═══ Exercise data
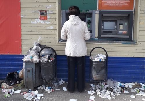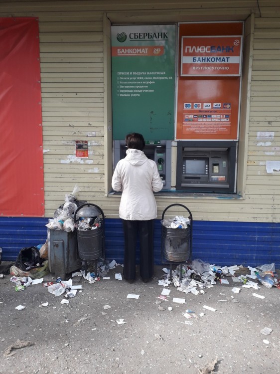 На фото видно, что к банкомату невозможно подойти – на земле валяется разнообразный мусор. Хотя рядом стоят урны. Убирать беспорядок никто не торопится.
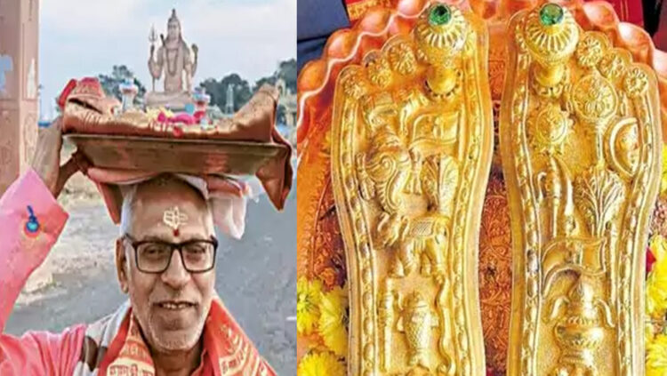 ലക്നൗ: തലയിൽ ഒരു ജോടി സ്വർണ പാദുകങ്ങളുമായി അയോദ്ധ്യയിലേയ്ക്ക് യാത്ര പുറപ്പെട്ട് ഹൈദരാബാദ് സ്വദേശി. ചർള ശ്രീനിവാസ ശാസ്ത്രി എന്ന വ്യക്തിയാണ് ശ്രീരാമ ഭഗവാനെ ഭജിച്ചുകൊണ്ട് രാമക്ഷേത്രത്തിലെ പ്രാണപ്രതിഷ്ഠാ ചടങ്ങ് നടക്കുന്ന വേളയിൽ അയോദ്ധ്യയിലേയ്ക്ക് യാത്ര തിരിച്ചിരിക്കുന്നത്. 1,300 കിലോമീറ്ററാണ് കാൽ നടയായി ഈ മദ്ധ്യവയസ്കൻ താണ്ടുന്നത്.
══════
═══ Exercise data
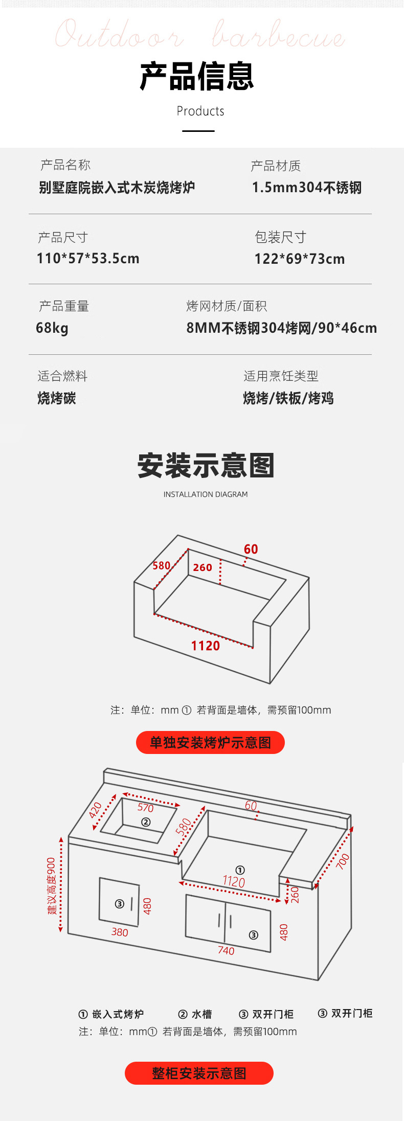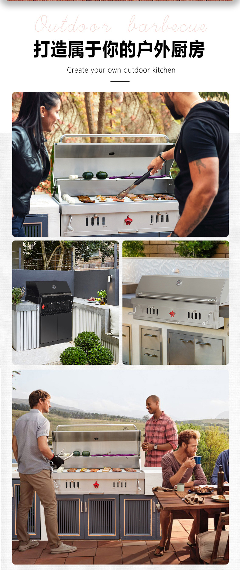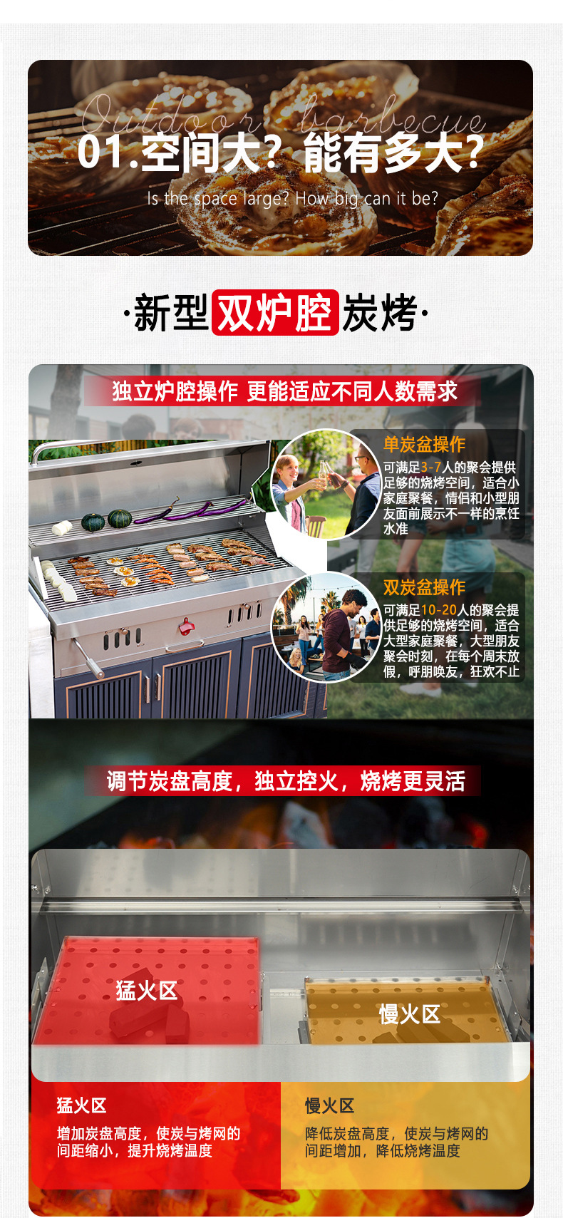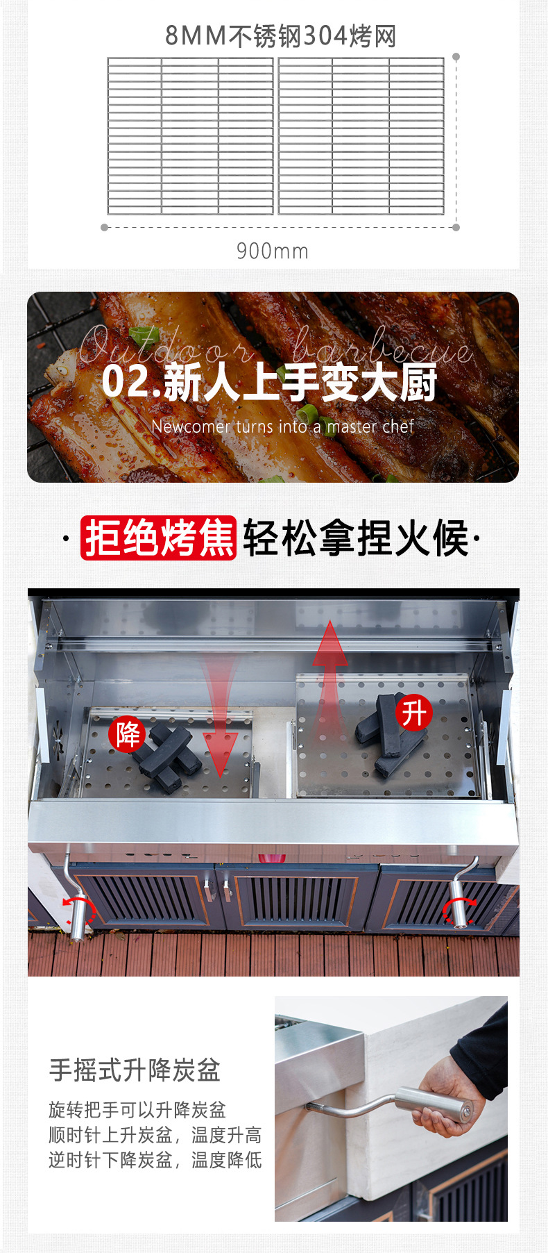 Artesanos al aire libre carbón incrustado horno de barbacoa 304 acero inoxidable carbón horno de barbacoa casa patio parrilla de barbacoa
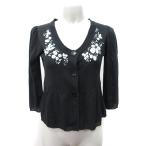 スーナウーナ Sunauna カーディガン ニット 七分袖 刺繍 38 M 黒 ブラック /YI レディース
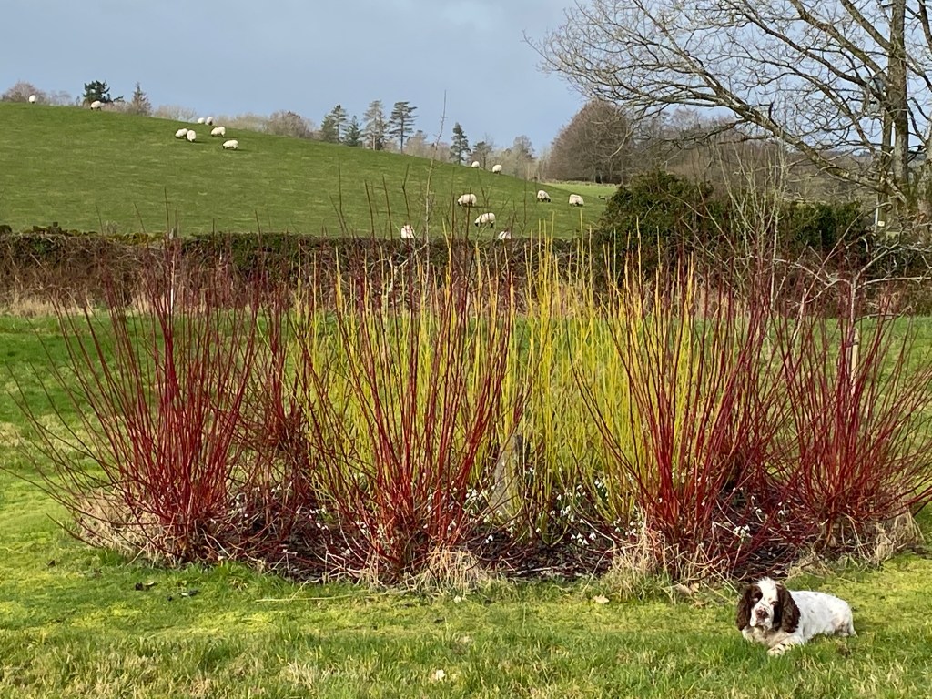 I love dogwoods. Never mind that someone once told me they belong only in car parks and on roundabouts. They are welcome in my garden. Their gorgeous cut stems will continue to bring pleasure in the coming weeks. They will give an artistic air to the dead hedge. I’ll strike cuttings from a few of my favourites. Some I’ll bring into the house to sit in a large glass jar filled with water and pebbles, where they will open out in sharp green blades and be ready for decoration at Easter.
══════
═══ Exercise data
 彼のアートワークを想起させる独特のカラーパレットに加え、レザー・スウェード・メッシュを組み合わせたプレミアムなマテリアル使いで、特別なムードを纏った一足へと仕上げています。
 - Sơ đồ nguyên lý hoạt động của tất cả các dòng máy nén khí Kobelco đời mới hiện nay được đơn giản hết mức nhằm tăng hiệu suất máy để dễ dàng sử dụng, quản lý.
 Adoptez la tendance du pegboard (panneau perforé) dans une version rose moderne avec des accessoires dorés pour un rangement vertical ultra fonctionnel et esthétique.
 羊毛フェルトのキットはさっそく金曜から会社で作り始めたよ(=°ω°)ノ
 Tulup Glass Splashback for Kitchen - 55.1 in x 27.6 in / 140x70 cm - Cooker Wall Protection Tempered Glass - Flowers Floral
══════
◆ Problem
Take only the lines above from the one that has "Artesanos al aire" through the one that has "スーナウーナ Sunauna カーディガン" and reproduce them exactly, omitting any pictures.

◆ Final answer
 Artesanos al aire libre carbón incrustado horno de barbacoa 304 acero inoxidable carbón horno de barbacoa casa patio parrilla de barbacoa
 スーナウーナ Sunauna カーディガン ニット 七分袖 刺繍 38 M 黒 ブラック /YI レディース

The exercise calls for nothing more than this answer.